Re: Entities (part of detailed review)

[CC'ing implementors@whatwg.org]

2007/8/1, Henri Sivonen:
> On Aug 1, 2007, at 15:28, Thomas Broyer wrote:
>
> > Can someone remind me why this hasn't be done with a third "Is
> > semi-colon required" column?
>
> If anything, the current table suggests a sensible implementation
> approach that works together with the parsing algorithm prose.

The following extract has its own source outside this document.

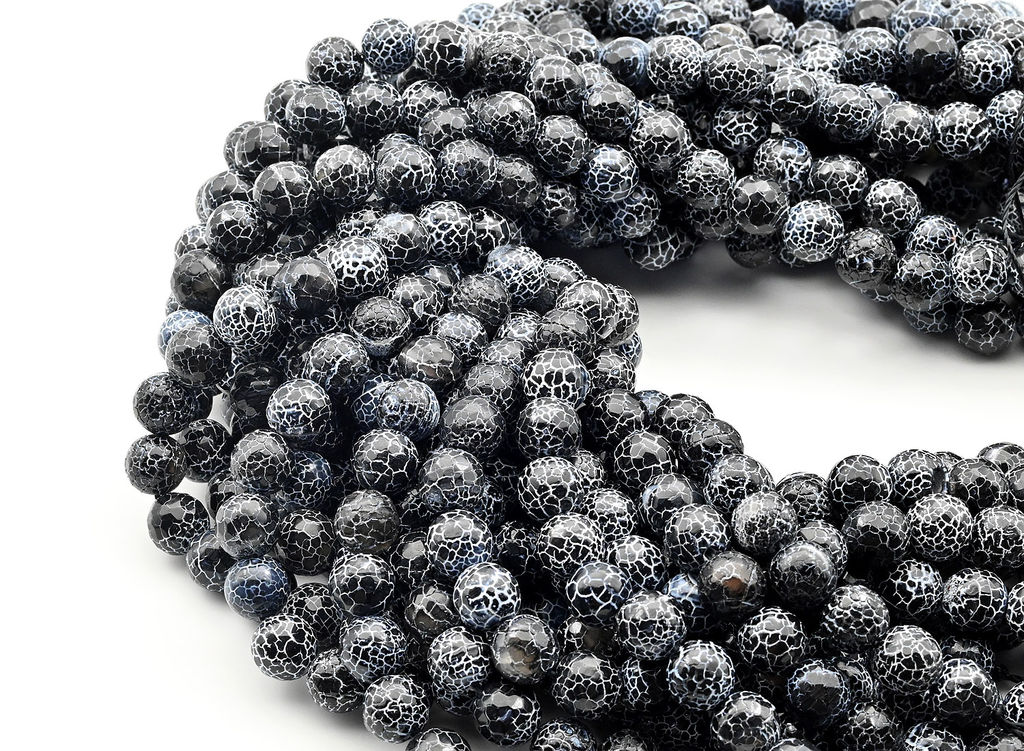 • Бусины из агата "Вены Дракона" шарик гр.10мм цв.чёрный, 36см, 39 бусин Радуга камня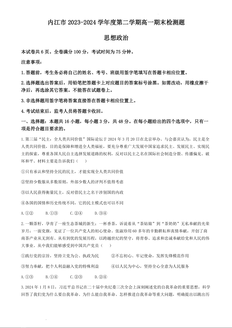 四川省内江市2023-2024学年高一下学期期末考试政治+答案

Just to say that I've updated Twintsam's tokenizer [1] to use an "is
missing semi-colon recoverable"-column approach. It now passes all 519
tokenizer/entities.test tests [2].
It might not be the fastest approach but given that the HtmlEntities
class is public, I find it cleaner (entities are only exposed as names
without semi-colons, the "third colon" is internal to the library and
its HTML5 tokenizing algorithm). The HtmlEntities' class internals
could eventually be refactored though to use the "two columns"
approach instead...

[1] HTML5 library for .NET 2.0 written in C#. Most of the code is
about six-month old, I'm working on it to align with the latest
current draft. It can be found at http://code.google.com/p/twintsam/
[2] http://html5lib.googlecode.com/svn/trunk/testdata/tokenizer/entities.test

-- 
Thomas Broyer

Received on Thursday, 2 August 2007 10:17:31 UTC